On the use of super-resolution algorithms in seismics : applications within diffraction separation and imaging

Abstract

It is both an experimental and theoretical fact that imaging of scatterers using bandlimited signals results in what is known as a diffraction-limited image. As a consequence, the best possible resolution obtained from a diffraction-limited system is about half a wavelength of the illuminating wavefield. In the near-field imaging systems used in optics this problem has been overcome by measuring the contribution of evanescent wavefields. However, in case of seismics, the sources and receivers are placed more than three times the wavelength away from the target and the evanescent wavefields are highly attenuated and thus fall below the noise level. Nevertheless, super-resolution imaging (i.e. imaging beyond the diffraction-limit) is possible by utilizing the time-reversal MUltiple SIgnal Classification (MUSIC) algorithm. The main idea is then to perform a Singular Value Decomposition (SVD) of the Multistatic Response (MSR) matrix to obtain the source and receiver side singular vectors which transforms the active experiment into a purely passive one. These singular vectors contain interaction information about the different scatterers, which is the key to obtain super-resolution. Though this algorithm can provide a super-resolved localization of point targets, it is also highly noise sensitive. In this thesis, we propose a phase-coherent time-reversal MUSIC (PC-MUSIC) algorithm, which utilizes the band of frequencies present in the measured data and exhibits a phase-coherent nature of the time-reversal operator. The noise present in the resulting monochromatic time-reversal MUSIC image can now be minimized by averaging over a smaller band of frequencies. The robustness and super-resolution ability of PC-MUSIC has been demonstrated employing both experimental ultrasonic data and numerical simulations based on the Foldy-Lax interaction model.
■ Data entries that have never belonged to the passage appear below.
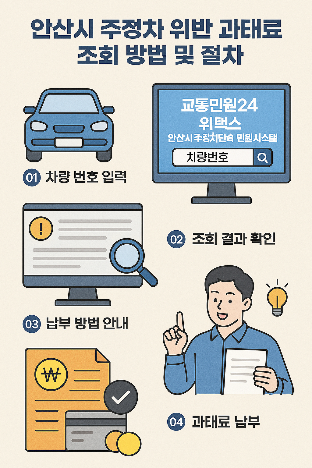 안산시 주정차 위반 과태료 조회는 교통민원24, 위택스, 안산시 주정차단속 민원시스템 등 다양한 경로를 통해 간편하게 할 수 있습니다.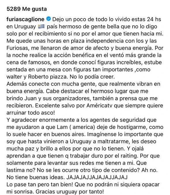 "Imagínense lo importante que soy que hasta vinieron a Uruguay a maltratarme, les deseo mucha paz y brillo a ellos por que no lo tienen. Y ojalá aprendan a que tienen q trabajar duro por el rating. Por que solamente para levantar sus redes me tienen a mi. Que lastima no? No se les ocurre otro tipo de contenido? Ah no. No tiene buenas ideas. JAJAJAJJAJAJAJJAJAJ Lo pase tan pero tan bien! Que no podrán ni siquiera opacar mi sonrisa. Gracias uruguay por tanto!", cerró.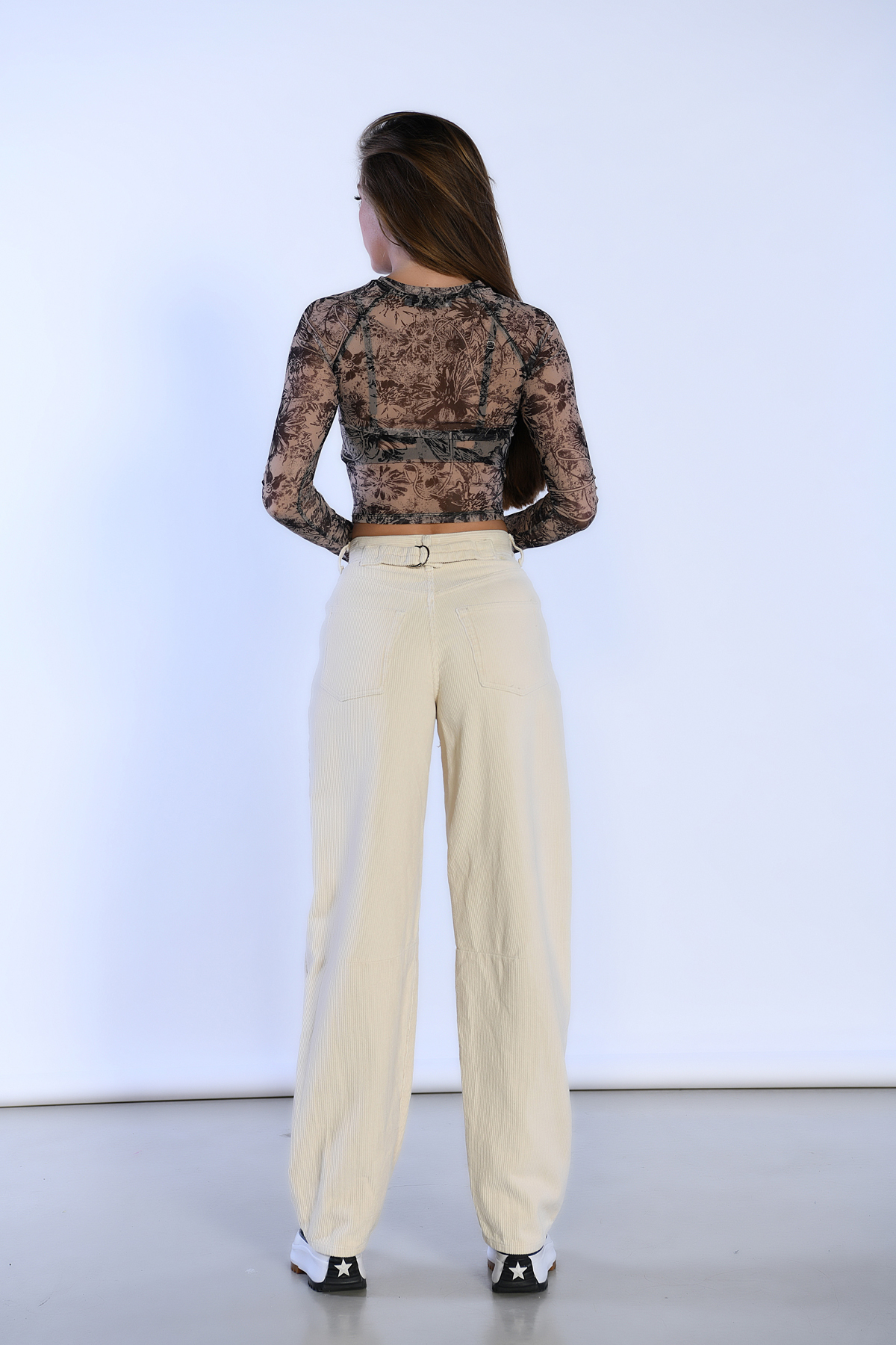 Yüksek Bel Fitilli Kadife Beli Tokalı Mom Pantolon

Both time-reversal MUSIC and its phase-coherent version, PC-MUSIC, are originally designed to localize point like targets. In seismic or Ground Penetrating Radar (GPR) signals, the contributions from point like targets are carried by the diffracted wavefield. However, diffracted signals both in seismic and GPR are often much weaker than the specular reflections making it difficult to utilize them for super-resolution imaging. In this thesis, we propose to separate the diffracted signals from the reflected ones using two parameterized diffraction traveltime approximations. The first technique is based on a modified version of the Common Reflection Surface (CRS) technique. The second diffraction traveltime approximation is based on the REplacement Medium (REM) approach derived in this thesis for applications in a laterally smooth velocity field. The actual diffraction enhancement (or separation) is then carried out by stacking the data along the two approximate diffraction traveltime surfaces with optimal parameters determined using a coherency measure. As possible coherency measure candidates we tested both conventional Semblance and higher-resolution coherency measures like MUSIC, Eigen Vector (EV) and Minimum Variance (MV). The higher-resolution coherency measures, originally developed for narrowband Direction Of Arrival (DOA) estimation, were extended to handle the highly correlated and wideband seismic and GPR signals. From this extensive testing, employing both controlled data (Marmousi) as well as field data (both GPR and seismic), we concluded that the MUSIC coherency measure provides the most optimal diffraction traveltime parameters. After separating the diffractions from the reflections by stacking along the optimized diffraction traveltime surfaces, we performed diffraction imaging using both conventional Kirchhoff migration and a new high-resolution MUSIC like imaging algorithm known as Semblance balanced MUSIC (SB-MUSIC). This new algorithm outperformed classical migration when applied to various controlled and field data.